» **Work request**: What you write must match, character for character, the lines from the one with "Cooking ingredients strawberry, chocolate, walnuts" down to the one with "Smoky quartz, black" in the listing below, minus its pictures.

» **Data supplied**:
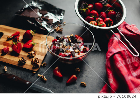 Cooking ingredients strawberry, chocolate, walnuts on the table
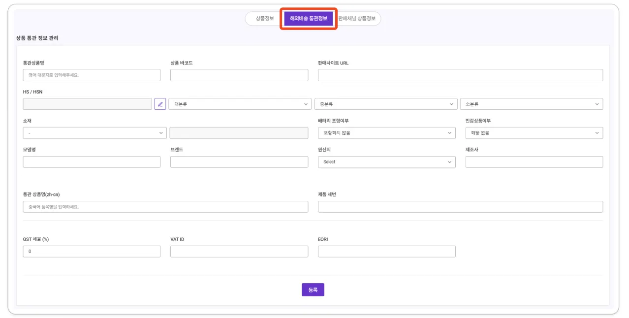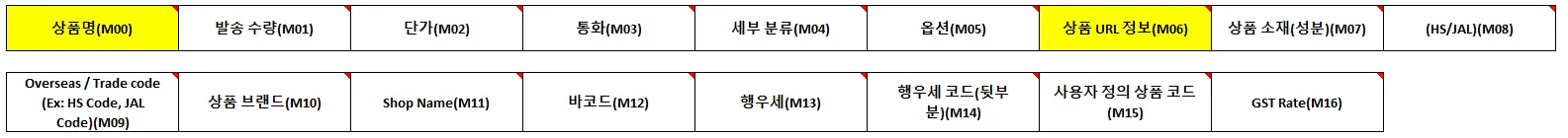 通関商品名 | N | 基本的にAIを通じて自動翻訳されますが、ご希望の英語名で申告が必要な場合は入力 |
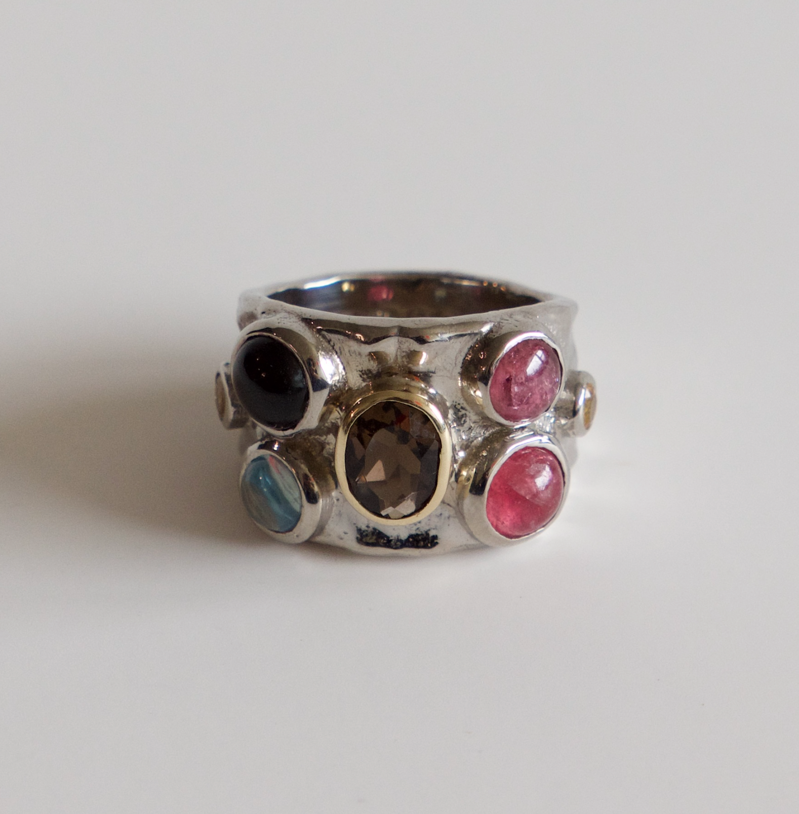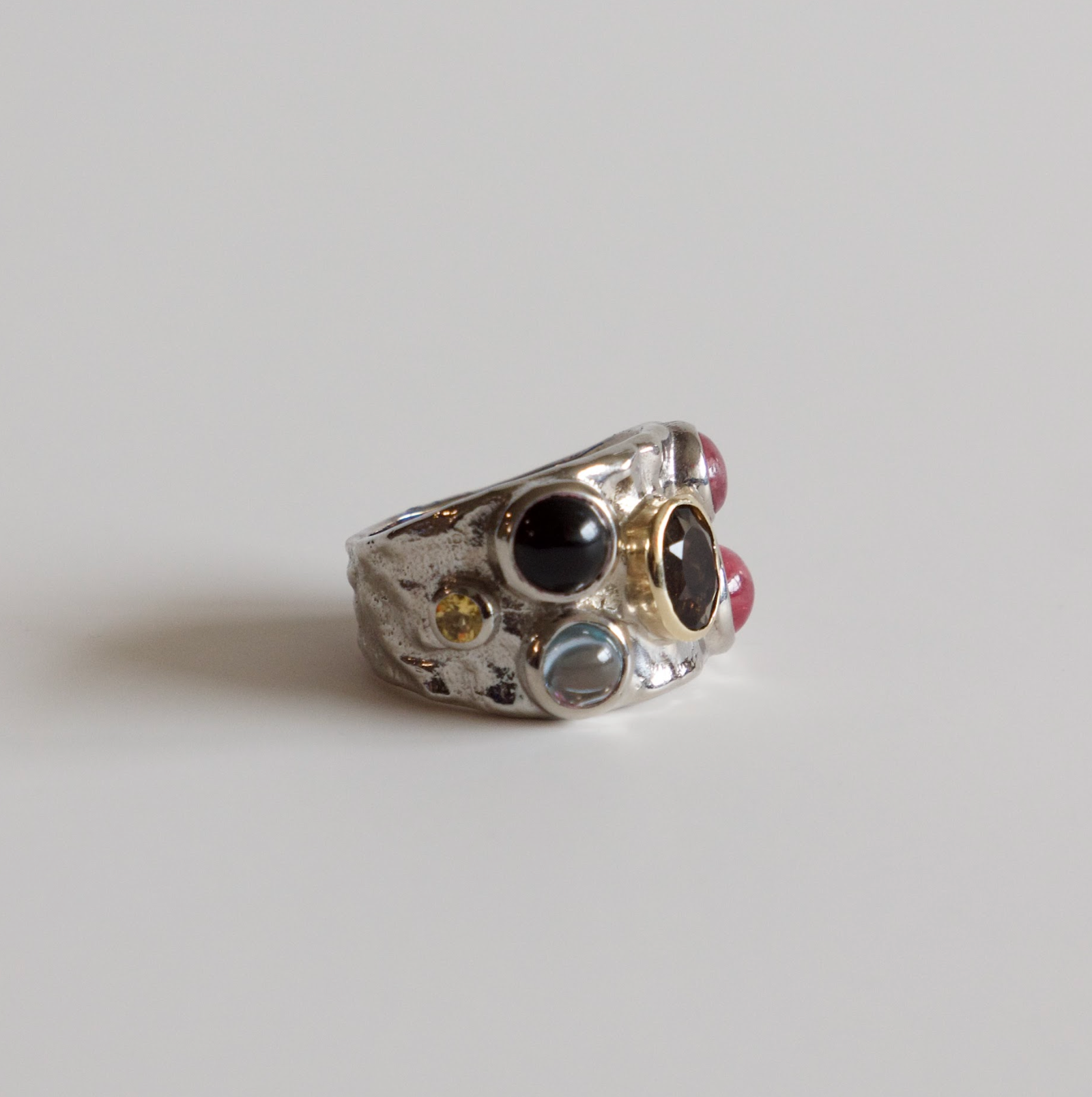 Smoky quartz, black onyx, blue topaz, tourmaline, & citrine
--
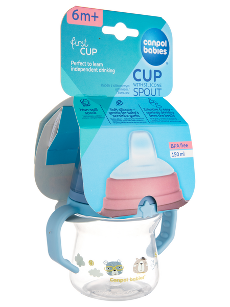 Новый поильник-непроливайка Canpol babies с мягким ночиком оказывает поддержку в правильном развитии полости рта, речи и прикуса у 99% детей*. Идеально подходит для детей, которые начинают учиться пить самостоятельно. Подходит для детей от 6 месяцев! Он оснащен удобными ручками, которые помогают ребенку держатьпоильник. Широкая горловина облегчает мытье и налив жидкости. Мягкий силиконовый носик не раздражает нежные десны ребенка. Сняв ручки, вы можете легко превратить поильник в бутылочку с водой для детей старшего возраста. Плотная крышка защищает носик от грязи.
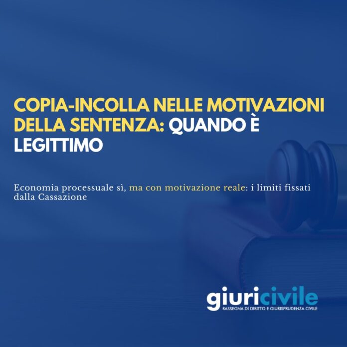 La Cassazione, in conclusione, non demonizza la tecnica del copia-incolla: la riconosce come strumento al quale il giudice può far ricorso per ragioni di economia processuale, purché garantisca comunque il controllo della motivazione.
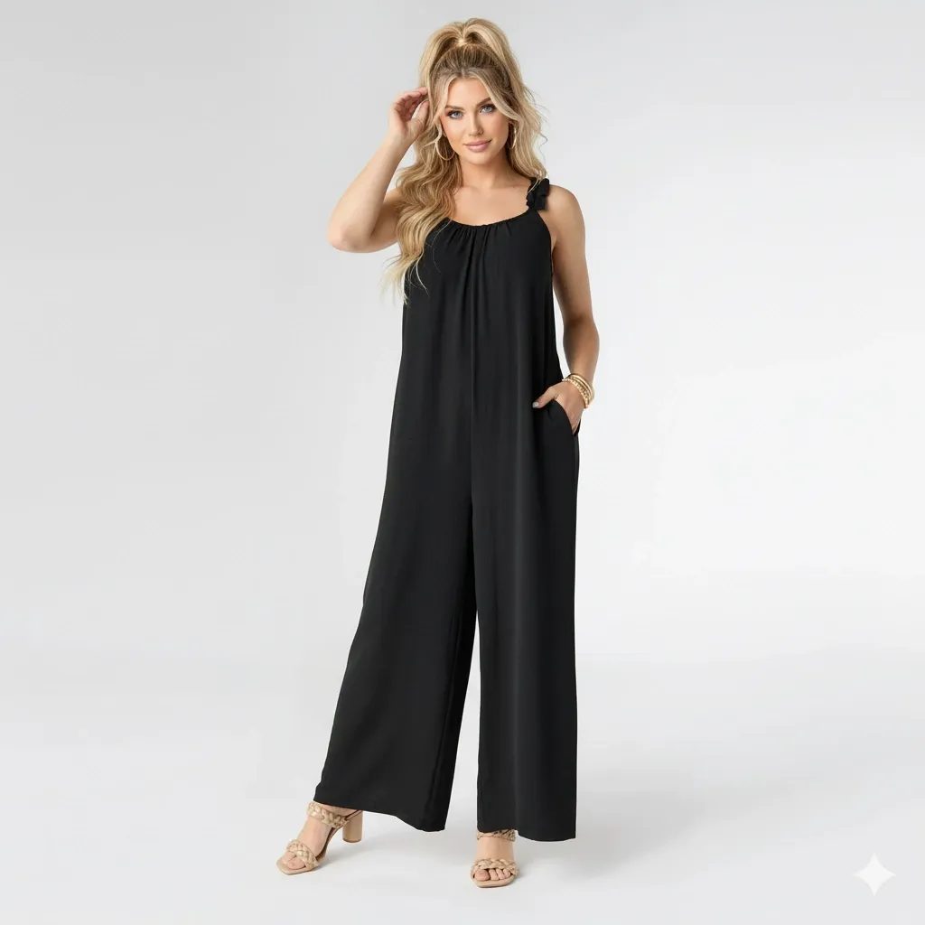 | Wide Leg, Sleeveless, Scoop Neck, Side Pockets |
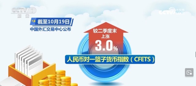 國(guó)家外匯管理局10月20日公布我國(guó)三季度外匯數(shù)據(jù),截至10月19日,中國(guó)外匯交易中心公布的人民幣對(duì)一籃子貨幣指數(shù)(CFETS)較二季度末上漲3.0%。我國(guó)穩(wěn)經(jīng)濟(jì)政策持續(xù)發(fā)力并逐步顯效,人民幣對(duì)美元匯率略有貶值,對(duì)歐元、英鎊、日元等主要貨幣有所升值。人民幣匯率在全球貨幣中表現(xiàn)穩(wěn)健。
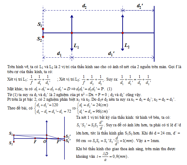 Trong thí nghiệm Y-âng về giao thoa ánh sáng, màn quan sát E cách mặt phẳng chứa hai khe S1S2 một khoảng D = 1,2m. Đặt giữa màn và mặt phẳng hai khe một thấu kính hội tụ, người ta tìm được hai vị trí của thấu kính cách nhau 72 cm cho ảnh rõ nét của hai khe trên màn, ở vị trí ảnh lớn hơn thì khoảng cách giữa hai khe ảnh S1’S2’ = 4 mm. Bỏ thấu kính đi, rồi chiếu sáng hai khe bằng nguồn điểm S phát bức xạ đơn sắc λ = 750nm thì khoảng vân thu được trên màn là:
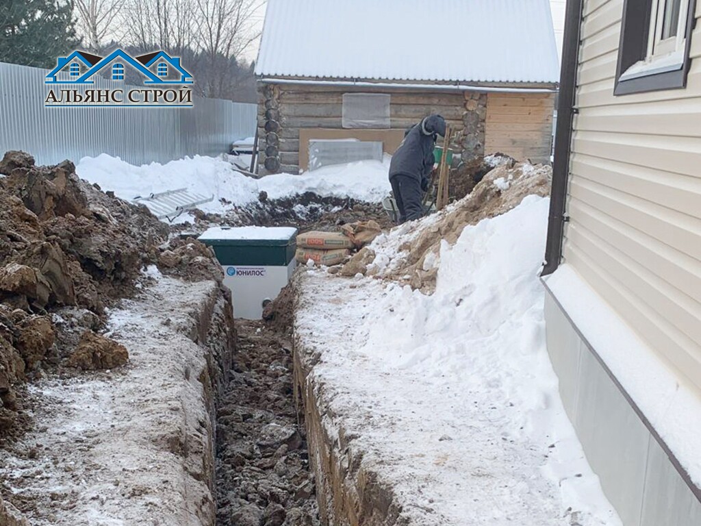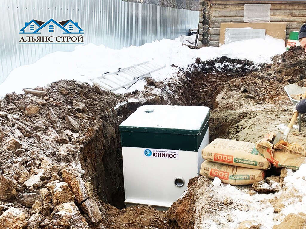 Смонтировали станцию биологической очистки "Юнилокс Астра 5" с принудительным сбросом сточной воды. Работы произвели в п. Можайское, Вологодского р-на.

» **Response area**:
 Cooking ingredients strawberry, chocolate, walnuts on the table
 通関商品名 | N | 基本的にAIを通じて自動翻訳されますが、ご希望の英語名で申告が必要な場合は入力 |
 Smoky quartz, black onyx, blue topaz, tourmaline, & citrine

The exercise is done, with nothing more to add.